### ABOUT THIS EXERCISE
An exact copy of the data below is needed; please leave out any pictures.

### DATA BLOCK
---+---

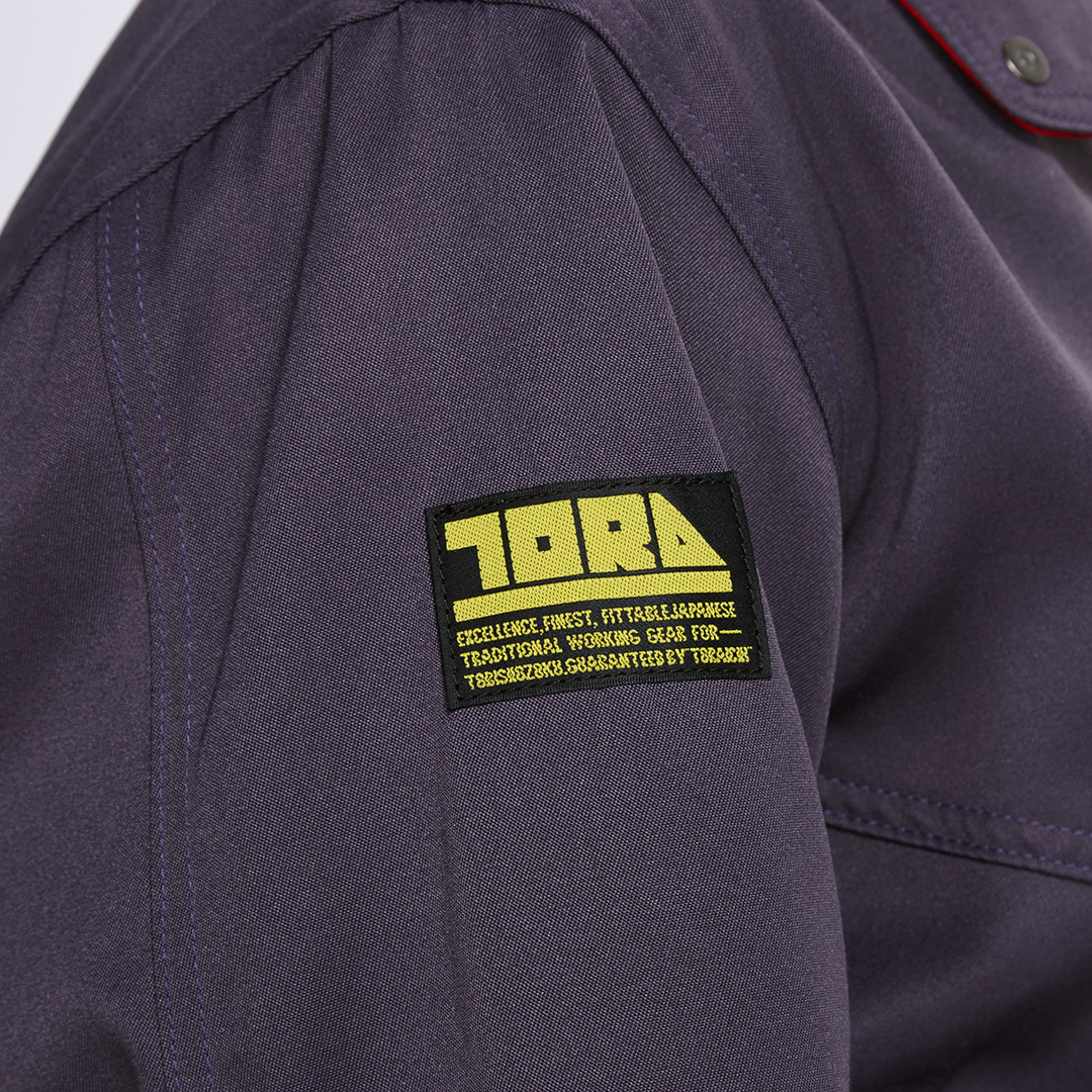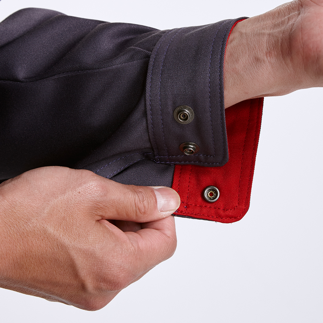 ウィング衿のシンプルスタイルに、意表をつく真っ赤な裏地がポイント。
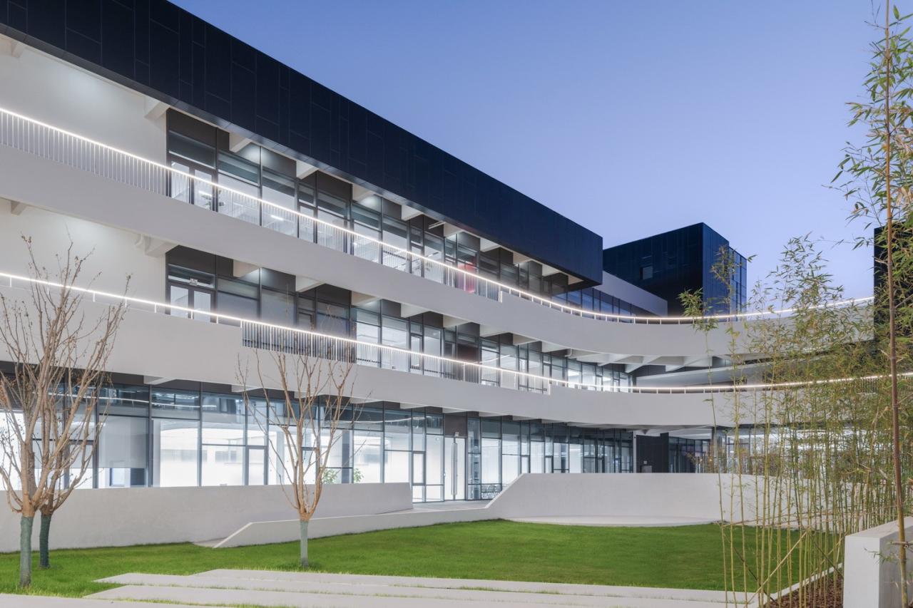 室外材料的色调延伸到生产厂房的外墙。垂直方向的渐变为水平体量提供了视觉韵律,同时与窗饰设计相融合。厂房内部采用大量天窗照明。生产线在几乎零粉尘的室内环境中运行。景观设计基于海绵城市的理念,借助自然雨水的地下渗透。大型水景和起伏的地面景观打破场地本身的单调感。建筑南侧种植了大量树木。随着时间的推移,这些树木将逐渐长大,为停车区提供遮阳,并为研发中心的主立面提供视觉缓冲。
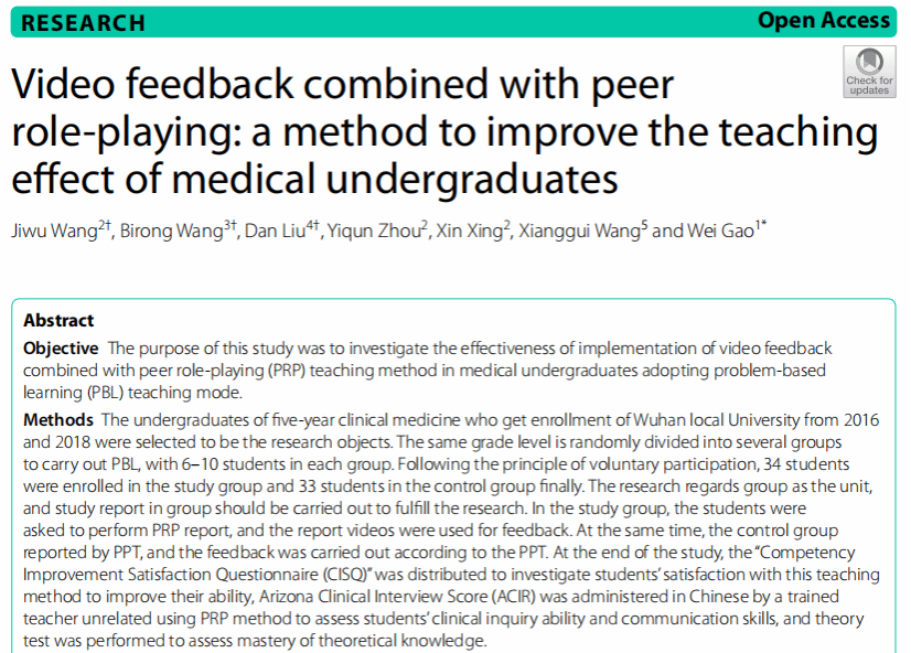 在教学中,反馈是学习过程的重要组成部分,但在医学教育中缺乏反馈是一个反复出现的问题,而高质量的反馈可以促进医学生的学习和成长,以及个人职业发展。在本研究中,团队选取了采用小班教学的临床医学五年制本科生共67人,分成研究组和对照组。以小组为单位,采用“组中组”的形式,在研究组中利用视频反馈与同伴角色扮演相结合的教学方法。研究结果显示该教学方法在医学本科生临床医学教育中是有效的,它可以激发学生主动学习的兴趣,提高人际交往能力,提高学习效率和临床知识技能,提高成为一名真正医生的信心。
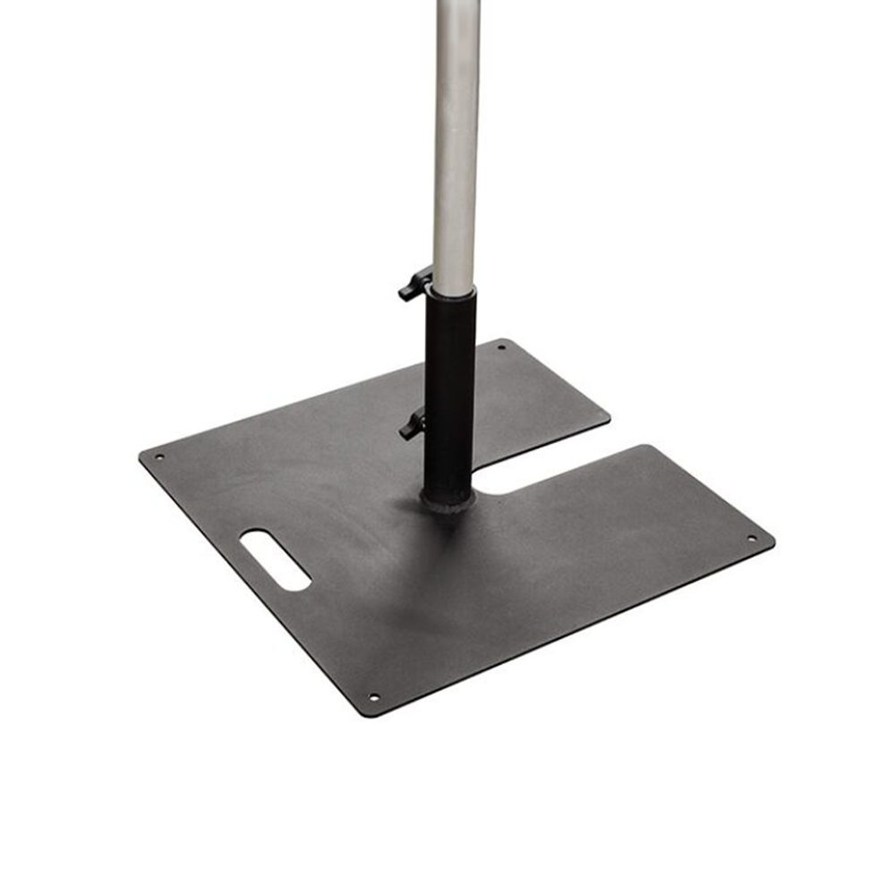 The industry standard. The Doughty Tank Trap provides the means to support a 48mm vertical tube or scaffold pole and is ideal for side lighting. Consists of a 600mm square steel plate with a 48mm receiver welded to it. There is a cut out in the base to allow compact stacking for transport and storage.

---+---

### EXPECTED ANSWER
 ウィング衿のシンプルスタイルに、意表をつく真っ赤な裏地がポイント。
 室外材料的色调延伸到生产厂房的外墙。垂直方向的渐变为水平体量提供了视觉韵律,同时与窗饰设计相融合。厂房内部采用大量天窗照明。生产线在几乎零粉尘的室内环境中运行。景观设计基于海绵城市的理念,借助自然雨水的地下渗透。大型水景和起伏的地面景观打破场地本身的单调感。建筑南侧种植了大量树木。随着时间的推移,这些树木将逐渐长大,为停车区提供遮阳,并为研发中心的主立面提供视觉缓冲。
 在教学中,反馈是学习过程的重要组成部分,但在医学教育中缺乏反馈是一个反复出现的问题,而高质量的反馈可以促进医学生的学习和成长,以及个人职业发展。在本研究中,团队选取了采用小班教学的临床医学五年制本科生共67人,分成研究组和对照组。以小组为单位,采用“组中组”的形式,在研究组中利用视频反馈与同伴角色扮演相结合的教学方法。研究结果显示该教学方法在医学本科生临床医学教育中是有效的,它可以激发学生主动学习的兴趣,提高人际交往能力,提高学习效率和临床知识技能,提高成为一名真正医生的信心。
 The industry standard. The Doughty Tank Trap provides the means to support a 48mm vertical tube or scaffold pole and is ideal for side lighting. Consists of a 600mm square steel plate with a 48mm receiver welded to it. There is a cut out in the base to allow compact stacking for transport and storage.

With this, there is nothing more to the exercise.